Asked to calculate factorial(3) (this is C-like or
ALGOL-like syntax), this program first sets the variable x to
be 1, then it starts through the "for loop" setting x to be
x times 2 (x is now equal to 2) on the first iteration,
and x to be x times 3 (x is now equal to 6) on
the second and last iteration, before returning the final value of
x, which is 6 in this case. Each time through the loop, the
program checks to see if i is equal to 3 and if so, then it
exits the loop without executing the body. In C, the body of a loop
is set off with "curly brackets" { and }
following the keyword for and the iteration variable
specification (i = 2 to n) and so, in the above
definition, the body is just the single statement x = x *
i. This is a perfectly good way of calculating factorial and I
have no problem with it but the recursive definition is also fine and,
to my mind, simple and elegant.
You might worry that a recursive definition might keep calling itself
indefinitely and indeed this is a concern when you're writing
recursive function definitions. The trick is to arrange things so
that some argument (assignment to a formal parameter) in the recursive
call steadily gets "closer to" the terminating condition, (= n
1) in the case of factorial. Once you get the hang of it,
designing recursive definitions with appropriate terminating
conditions becomes pretty easy.

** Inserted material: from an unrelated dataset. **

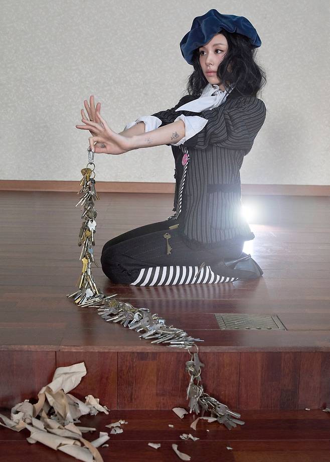 채영이 모험 끝에 성 안으로 들어선 모습. 창문, 열쇠 등 오브제를 활용해 문 너머 미지의 세상을 표현했다. 독특한 연출로 채영만의 유니크함을 강조했다.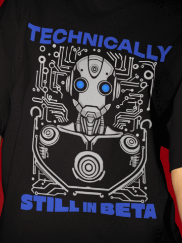 Everybody thinks they are complete and yet is a work in progress, the outcome of which is unpredictable. Embrace this dynamic duality of human nature with our “Technically Still in Beta” T-shirt.

But if you really have a thing about
recursion, then there are always other languages that are less elegant
and less cool ... just kidding most dialects of Lisp support other
methods of iteration besides recursion.
It's late afternoon and my back is killing me. I want to take a swim and get out of the house for a while. Tomorrow I have to go into the office for most of the day and so I probably won't return to this journal until Thursday at the earliest. Tomorrow I'm going to see about getting a cast-off robot arm for the undergraduate robotics lab, eat lunch with the Artemis students, give a talk about robots to a bunch of high school students from Saudi Arabia visiting Brown, meet with Joel, one of my graduate students, to talk about his progress in writing his dissertation, and talk with Eliot, one of my UTRA students, who is working with me this summer on robots and, more recently, planning and search algorithms which have somehow captured his attention despite my best efforts to divert him elsewhere. I mention these bits of minutiae in the spirit of Gertrude Stein's admonition to "use everything" not because I believe in the value of her suggestion generally (neither did GS) but rather because I thought some readers might wonder what an academic does on a typical day in the middle of the summer.